How Investing Should Be Like Summer

Jul 9th, 2017

Ed Snyder, CFP®, ChFC

Ahh summer. The time when it seems like we all relax a little bit more and life is a little more simple. The kids don’t have to be up and out the door for school before the sun’s up. No school lunches to be prepared or field trip permission slips to remember to sign and turn in. No homework to do or after-school sports practice or band practice or whatever other number of extracurricular activities your kids may be involved in.

With this being said, if you’re like my family, summer is anything but laid back. Although the routine is different from the school year, it’s still not activity-free. There are swimming lessons, camps, off-season sports workouts, gymnastics, and on and on. Even though it’s still busy, summer just has a bit more leisurely feeling than the school year. We don’t have to pay attention to all the details every day like preparing school lunches for the kids every morning or being in the carpool line at the same time every day. We can sleep a little later, the kids can play outside until it’s dark and stay up later because they don’t have to be up at 6 the next morning to get ready for school. Overall, summer is just a little more laid back than other times of the year.

It’s not this

Your investing should be more like that. It should be more like summer. A little more laid back. In my experience, too many people think investing is about things like picking the right sector to be invested in NOW or figuring out what the market is going to do because ______________ (fill in the blank).
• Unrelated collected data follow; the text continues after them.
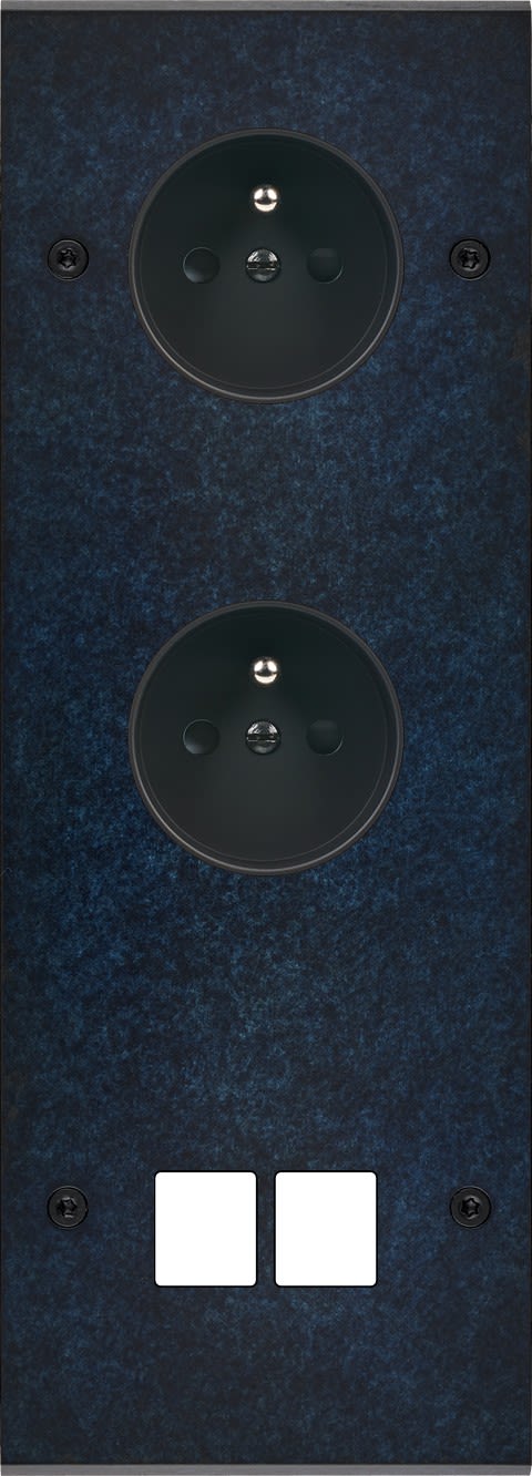 Façade Fascination en laiton massif finition Ombre triple verticale prise de courant 2P+T prise de courant 2P+T 2 média à vis. Dimensions : 80x222x5mm, deux chanfreins biseautés. Fabriqué en France, dans les ateliers de Steaven Richard.
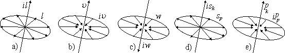 Бесконечное множество потенциальных радиальных лучей к прямой линии движения характеризует поле потенциально-кинетического прямолинейного движения (рис.2.5а). Это поле продольно-поперечное. Аналогична структура поля скорости и ускорений (рис.2.5b,c). Такова же структура векторов состояния, импульса (рис.2.5d,e):
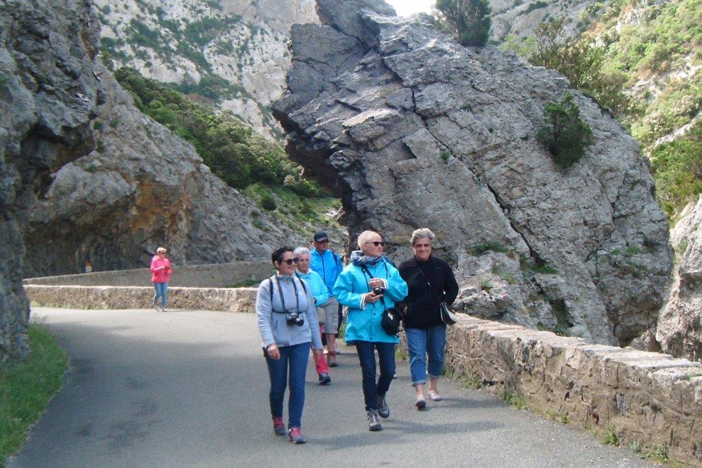 Donc, départ en voitures pour visiter les Gorges De Galamus, endroit magique, situé entre les départements des Pyrénées Orientales et de l’Aude, où la rivière Agly se fraye un passage de 500 mètres de profondeur par endroit, pour rejoindre la Méditerranée. Ici, la nature nous offre ses merveilles naturelles.
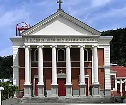 St Patrick's Cathedral is the cathedral of the Catholic Bishop of Auckland. It is on the original site granted by the Crown to Bishop Pompallier in 1841; it was renovated and re-opened in September 2007.[26] St Joseph's Cathedral, Dunedin, was constructed between 1878 and 1886. Sacred Heart Cathedral is the cathedral of the Archdiocese of Wellington and was opened in 1901 (in place of the destroyed St Mary's Cathedral), although it was not until 1984 that it became officially the cathedral.[27] The highly esteemed Cathedral of the Blessed Sacrament, Christchurch, was opened in 1905.[25] The latter three buildings were designed by the prominent New Zealand Catholic architect Francis Petre.[28] In 1947 another seminary, Holy Name Seminary, was opened in Christchurch. The cathedral of the Hamilton Diocese is the Cathedral of the Blessed Virgin Mary (built in 1975, rededicated in 1980 and renovated in 2008),[29] and the cathedral of the Palmerston North Diocese is the Cathedral of the Holy Spirit (built in 1925, renovated and rededicated in 1980).[30]

The market is so high right now

The new president

What the Fed might do with interest rates

I just have a feeling

Contributing to this, or perhaps the very cause of it is the financial media’s relentless spouting of market predictions. If you look at different stories from newspapers, magazines, social media, cable networks, and the internet you would think that it’s necessary to know where the market is headed and why so that you can invest accordingly. It’s not hard to find these stories. Quite the opposite, they are the predominant type of story in the media. Look at some of the headlines I quickly found today.

Track the Markets: Winners and Losers – This was a listing of year-to-date performance of different stock and bond indexes from around the world. You don’t really need to know that. Are you going to go change your 401(k) investments tomorrow because of what you see in a listing like this? You may. And if you do, it will likely be to your detriment.

5 Hot Consumer Stocks to Buy – Beyond Amazon – This article profiled 5 consumer stocks that have done well so far this year and, according to the article, “continue to hold promise for the rest of 2017”.

Here’s a Case for Bailing on Stocks as Warning Signs Stack Up – This details multiple reasons to be worried, from peak auto sales, contracting consumer credit to a lack of progress in Washington.

Global Stocks Post Strongest First Half in Years, Worrying Investors – So this one starts out positive but then leaves the reader thinking, should I be worried?

It’s this

If you want to read things like this, I guess, go ahead. I don’t understand what you get out of it. It definitely should not influence your investing. To make your investing more laid back, like summer, you should own a portfolio of investments in multiple asset classes, both foreign and domestic, while minimizing taxes, trading fees, and other costs. Ideally, your investing is informed by your financial plan. Your financial plan details your different financial goals – things like money for retirement, college expenses, replacing income if a spouse dies. If you have a financial plan you can invest accordingly based on each of those goals.

Your investment strategy is part of that financial plan. Your investment strategy should include things like:

A target percentage that will be invested in stocks vs. bonds

A target percentage to be invested in each different asset class, like large cap value, real estate, international, etc.

A tolerance range for how much you want to allow an asset class to vary from those targets before you make changes to bring it back to the target amount.

If you decide these things up front as part of your investment strategy you don’t make changes to your allocation because you read an article where some guy thought small growth stocks were going to out-perform. You only change based on evidence. What do I mean, evidence? If small growth is to be 8.75% of my portfolio and it’s been decided that I’ll allow it to deviate from that by 20% either up or down, then that means if the small growth part of my portfolio drops below 7% or goes above 10.50% then I will make changes when that happens. If small growth does well and grows to be more than my 10.50% target then I would sell enough of it to get it back to 8.75% of my portfolio. If it came to make up only 7% of my portfolio then the evidence would be there for me to buy more of it to get it to the 8.75% target. That article you saw where the guy said small-cap growth stocks would out-perform – that’s not evidence. When your investment strategy is evidence-based you are making changes when the evidence presents itself. It’s binary – like my example above, it’s either within its tolerance range or it’s not.

When you invest like this you can stop trying to figure out where the market is going. You can stop worrying about the daily fluctuations and watching the headlines and so-called experts. If you’re a long-term investor none of that stuff matters.

Investing doesn’t have to be complicated. It should be simple.

Do the work up front. Get a good financial plan and a well-thought-out investment strategy in place. Then treat your investments like your summer break – chill out and be more laid back!